(Washington D.C.) There was an interesting and potentially somewhat telling phrase buried beneath the attention-grabbing weapons content cited in the Pentagon’s recently published 2021 China report, and that is the use of a People’s Liberation Army “system of systems” approach.
Chinese efforts to steal or copy U.S. weapons systems are by no means surprising, yet the report’s mention of China’s growing emphasis upon “networking” and preparing for “informationalized” warfare, introduces an extremely significant nuance.
“The goal of mechanization can be broadly understood as the PLA seeking to modernize its weapons and equipment so they can be networked into “systems of systems” and utilize more advanced technologies suitable for “informatized” and “intelligentized” warfare,” the Pentagon’s “2021 Report on Military and Security Developments involving the People’s Republic of China,” states. The report goes so far as to suggest that networked “system-of-systems” kinds of tactics could help China annex or take over Taiwan.
“In 2020, the PLA added a new milestone for modernization in 2027, to accelerate the integrated development of mechanization, informatization, and intelligentization of the PRC’s armed forces, which if realized would provide Beijing with more credible military options in a Taiwan contingency,” the Pentagon report says.

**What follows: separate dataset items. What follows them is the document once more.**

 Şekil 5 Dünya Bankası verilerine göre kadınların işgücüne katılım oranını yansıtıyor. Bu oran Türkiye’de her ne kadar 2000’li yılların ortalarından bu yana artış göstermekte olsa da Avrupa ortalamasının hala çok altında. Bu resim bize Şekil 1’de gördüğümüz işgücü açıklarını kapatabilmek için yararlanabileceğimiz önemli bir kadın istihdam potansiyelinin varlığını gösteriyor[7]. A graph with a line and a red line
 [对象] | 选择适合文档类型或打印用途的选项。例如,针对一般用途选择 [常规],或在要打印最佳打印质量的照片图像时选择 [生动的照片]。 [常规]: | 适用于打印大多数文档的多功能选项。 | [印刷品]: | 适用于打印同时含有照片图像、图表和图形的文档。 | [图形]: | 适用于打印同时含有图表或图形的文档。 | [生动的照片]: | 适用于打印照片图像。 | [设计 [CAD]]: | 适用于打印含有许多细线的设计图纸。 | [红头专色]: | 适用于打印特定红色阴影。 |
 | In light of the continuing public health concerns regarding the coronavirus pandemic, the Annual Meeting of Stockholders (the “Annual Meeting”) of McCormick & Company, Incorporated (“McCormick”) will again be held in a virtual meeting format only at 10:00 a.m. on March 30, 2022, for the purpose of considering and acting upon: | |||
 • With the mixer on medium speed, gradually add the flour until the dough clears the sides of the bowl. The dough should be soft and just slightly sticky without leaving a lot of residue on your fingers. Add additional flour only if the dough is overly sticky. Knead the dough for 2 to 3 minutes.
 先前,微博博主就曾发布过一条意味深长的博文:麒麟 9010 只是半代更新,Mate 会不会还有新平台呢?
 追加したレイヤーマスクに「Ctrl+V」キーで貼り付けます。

Joint All Domain Command and Control
This raises the interesting question as to whether China is seeking to replicate the Pentagon’s fast-moving, high priority Joint All Domain Command and Control program to engineer a multi-domain “meshed” network of interconnected nodes across the force capable of gathering, processing, organizing and transmit time-relevant data between otherwise disparate elements of the joint force.